[SOURCE MATERIAL]

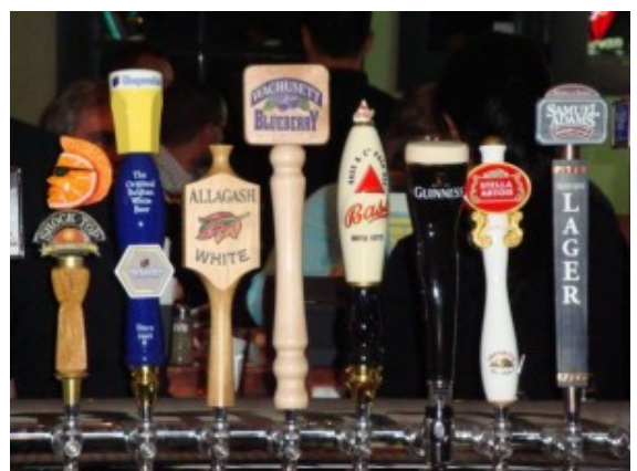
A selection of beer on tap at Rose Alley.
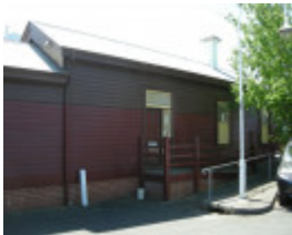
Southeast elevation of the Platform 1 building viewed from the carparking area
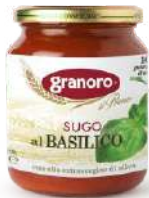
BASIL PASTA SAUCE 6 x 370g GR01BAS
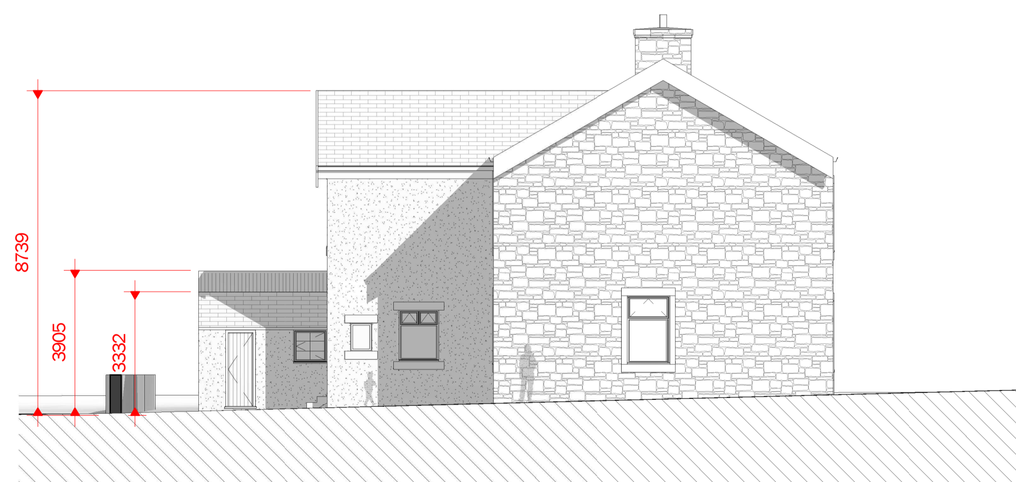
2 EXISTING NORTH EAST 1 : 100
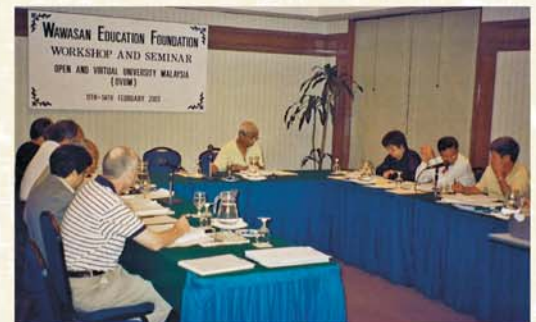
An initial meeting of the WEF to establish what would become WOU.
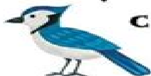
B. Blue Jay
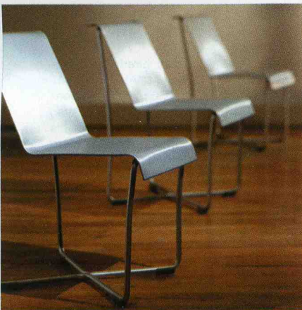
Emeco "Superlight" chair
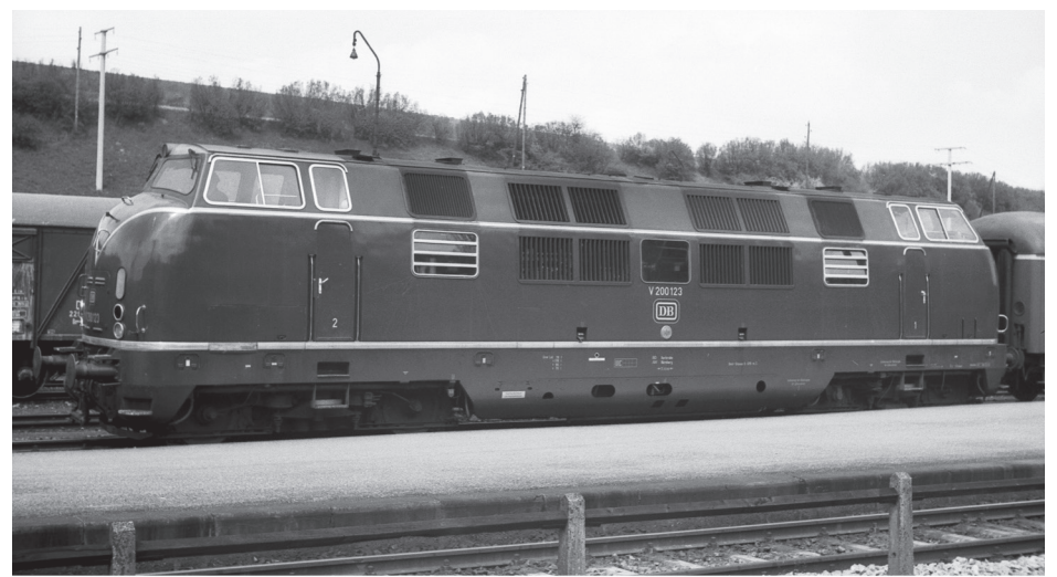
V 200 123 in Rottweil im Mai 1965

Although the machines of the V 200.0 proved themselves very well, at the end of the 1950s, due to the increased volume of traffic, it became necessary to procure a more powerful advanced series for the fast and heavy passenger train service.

[/SOURCE MATERIAL]
[SOURCE MATERIAL]

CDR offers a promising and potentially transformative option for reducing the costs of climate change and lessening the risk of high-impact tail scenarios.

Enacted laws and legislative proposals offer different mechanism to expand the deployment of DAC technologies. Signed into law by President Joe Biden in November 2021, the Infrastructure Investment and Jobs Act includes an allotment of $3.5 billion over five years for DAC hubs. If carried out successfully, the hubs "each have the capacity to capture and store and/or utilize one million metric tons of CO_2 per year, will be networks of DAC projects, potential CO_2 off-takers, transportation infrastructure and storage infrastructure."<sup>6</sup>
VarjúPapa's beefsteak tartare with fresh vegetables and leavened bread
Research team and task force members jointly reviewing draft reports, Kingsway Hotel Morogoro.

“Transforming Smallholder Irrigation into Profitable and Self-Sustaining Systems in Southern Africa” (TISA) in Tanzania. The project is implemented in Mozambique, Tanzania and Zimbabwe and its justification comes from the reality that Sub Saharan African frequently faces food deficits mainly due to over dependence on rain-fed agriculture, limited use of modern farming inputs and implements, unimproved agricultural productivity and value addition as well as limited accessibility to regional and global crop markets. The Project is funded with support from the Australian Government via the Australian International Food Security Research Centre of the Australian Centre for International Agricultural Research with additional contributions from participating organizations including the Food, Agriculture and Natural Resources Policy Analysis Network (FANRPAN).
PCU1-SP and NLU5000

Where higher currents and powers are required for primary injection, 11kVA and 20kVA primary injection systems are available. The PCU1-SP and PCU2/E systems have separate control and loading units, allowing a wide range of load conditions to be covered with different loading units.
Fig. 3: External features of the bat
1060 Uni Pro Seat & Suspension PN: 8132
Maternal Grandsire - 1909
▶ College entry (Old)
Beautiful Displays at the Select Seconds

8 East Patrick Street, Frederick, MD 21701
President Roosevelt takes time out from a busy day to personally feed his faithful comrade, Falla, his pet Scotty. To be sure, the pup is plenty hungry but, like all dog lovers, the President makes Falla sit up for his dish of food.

[/SOURCE MATERIAL]
[SOURCE MATERIAL]

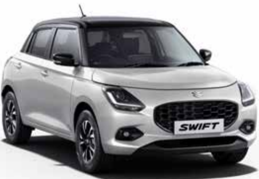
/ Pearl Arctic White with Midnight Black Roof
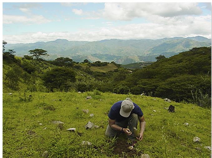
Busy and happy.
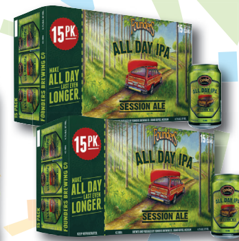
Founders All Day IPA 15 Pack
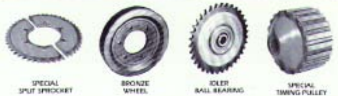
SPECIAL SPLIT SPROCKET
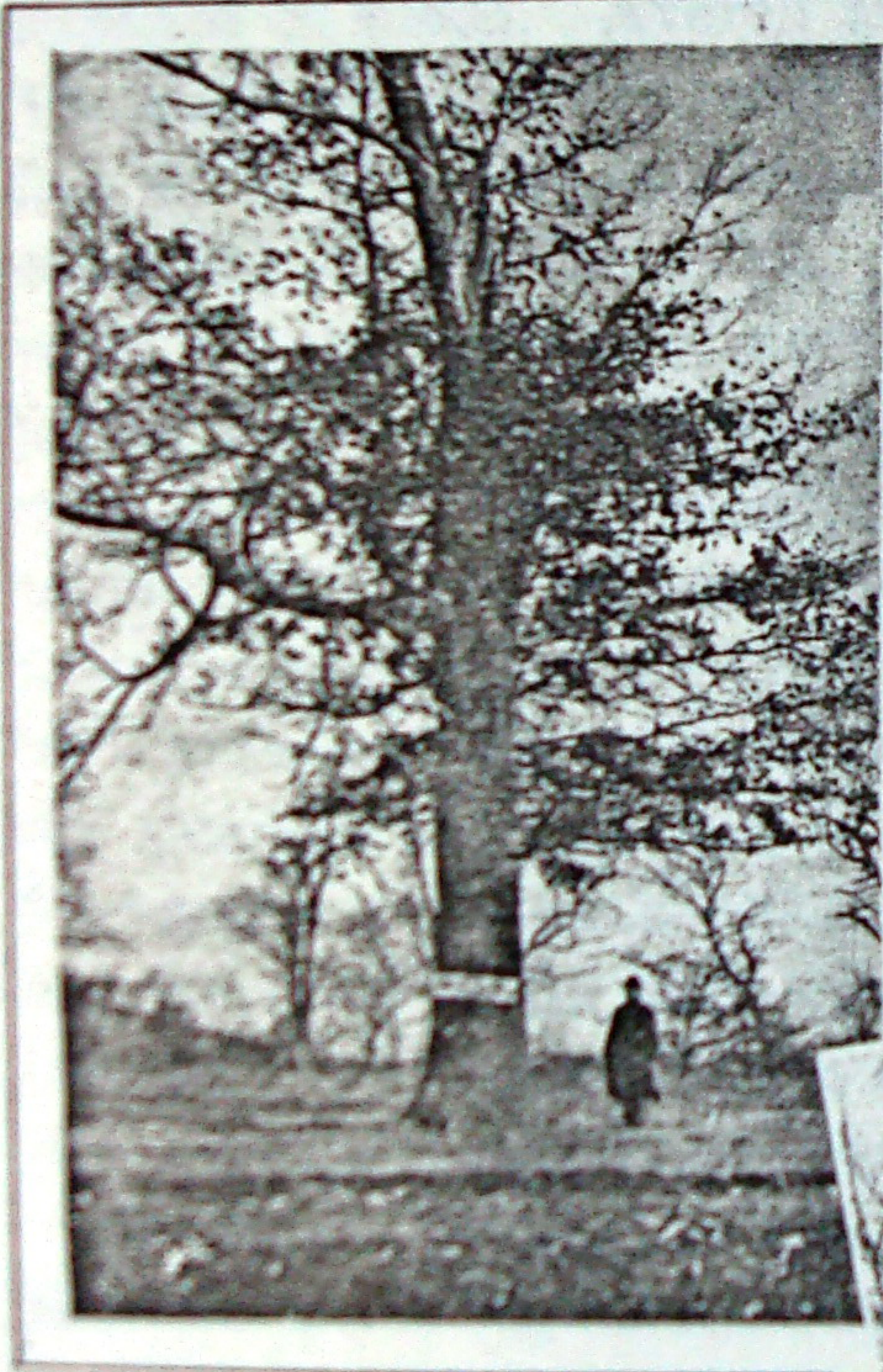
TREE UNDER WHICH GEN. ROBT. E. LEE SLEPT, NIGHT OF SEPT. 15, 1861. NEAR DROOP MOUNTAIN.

[/SOURCE MATERIAL]

▶ _WHAT IS BEING ASKED_
Keep to the lines above from the line with "A selection of beer on tap at Rose Alley." to the line with "Although the machines", and set down exactly those, inclusive, with nothing else and every picture left out.

▶ _EXERCISE SOLUTION_
A selection of beer on tap at Rose Alley.
Southeast elevation of the Platform 1 building viewed from the carparking area
BASIL PASTA SAUCE 6 x 370g GR01BAS
2 EXISTING NORTH EAST 1 : 100
An initial meeting of the WEF to establish what would become WOU.
B. Blue Jay
Emeco "Superlight" chair
V 200 123 in Rottweil im Mai 1965

Although the machines of the V 200.0 proved themselves very well, at the end of the 1950s, due to the increased volume of traffic, it became necessary to procure a more powerful advanced series for the fast and heavy passenger train service.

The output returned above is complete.